We recently upgraded all these machines from CentOS 5.7 to CentOS 6.5. We did a “piecemeal” upgrade, usually upgrading five or so machines at a time, every few days. We noticed improved performance on the CentOS
6 boxes. But as the number of CentOS 6 boxes increased, we actually saw performance on the CentOS 5 boxes decrease. By the time we had only a few CentOS 5 boxes left, they were performing so badly as to be effectively worthless.

What we observed in parallel to this upgrade process was that the read latency on our NetApp device skyrocketed. This in turn caused all compute jobs to actually run slower, as it seemed to move the bottleneck from the client servers’ OS to the NetApp. This is somewhat counter-intuitive: CentOS 6 performs faster, but actually results in net performance loss because it creates a bottleneck on our centralized storage.

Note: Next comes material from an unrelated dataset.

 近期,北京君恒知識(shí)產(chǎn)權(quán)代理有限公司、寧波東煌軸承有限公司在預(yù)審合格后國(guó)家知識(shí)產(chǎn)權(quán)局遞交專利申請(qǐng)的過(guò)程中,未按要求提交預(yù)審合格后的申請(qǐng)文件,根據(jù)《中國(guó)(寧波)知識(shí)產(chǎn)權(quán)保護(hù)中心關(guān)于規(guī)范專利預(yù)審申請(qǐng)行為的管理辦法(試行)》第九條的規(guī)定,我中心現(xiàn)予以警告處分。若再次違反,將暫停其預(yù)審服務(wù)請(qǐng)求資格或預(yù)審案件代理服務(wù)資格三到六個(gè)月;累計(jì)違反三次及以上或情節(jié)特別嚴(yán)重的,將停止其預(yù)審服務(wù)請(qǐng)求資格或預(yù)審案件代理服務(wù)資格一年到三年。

All indications are that CentOS 6 seems to be much more “aggressive”
in how it does NFS reads. And likewise, CentOS 5 was very “polite”, to the point that it basically got starved out by the introduction of the 6.5 boxes.

What I’m looking for is a “deep dive” list of changes to the NFS
implementation between CentOS 5 and CentOS 6. Or maybe this is due to a change in the TCP stack? Or maybe the scheduler? We’ve tried a lot of sysctl tcp tunings, various nfs mount options, anything that’s obviously different between 5 and 6… But so far we’ve been unable to find the “smoking gun” that causes the obvious behavior change between the two OS versions.

Just hoping that maybe someone else out there has seen something like this, or can point me to some detailed documentation that might clue me in on what to look for next.

Thanks!

11 thoughts on - Nfs (or Tcp Or Scheduler) Changes Between CentOS 5 And 6?

  • Matt Garman wrote:

    *IF* I understand you, I’ve got one question: what parms are you using to mount the storage? We had *real* performance problems when we went from 5
    to 6 – as in, unzipping a 26M file to 107M, while writing to an NFS-mounted drive, went from 30 sec or so to a *timed* 7 min. The final answer was that once we mounted the NFS filesystem with nobarrier in fstab instead of default, the time dropped to 35 or 40 sec again.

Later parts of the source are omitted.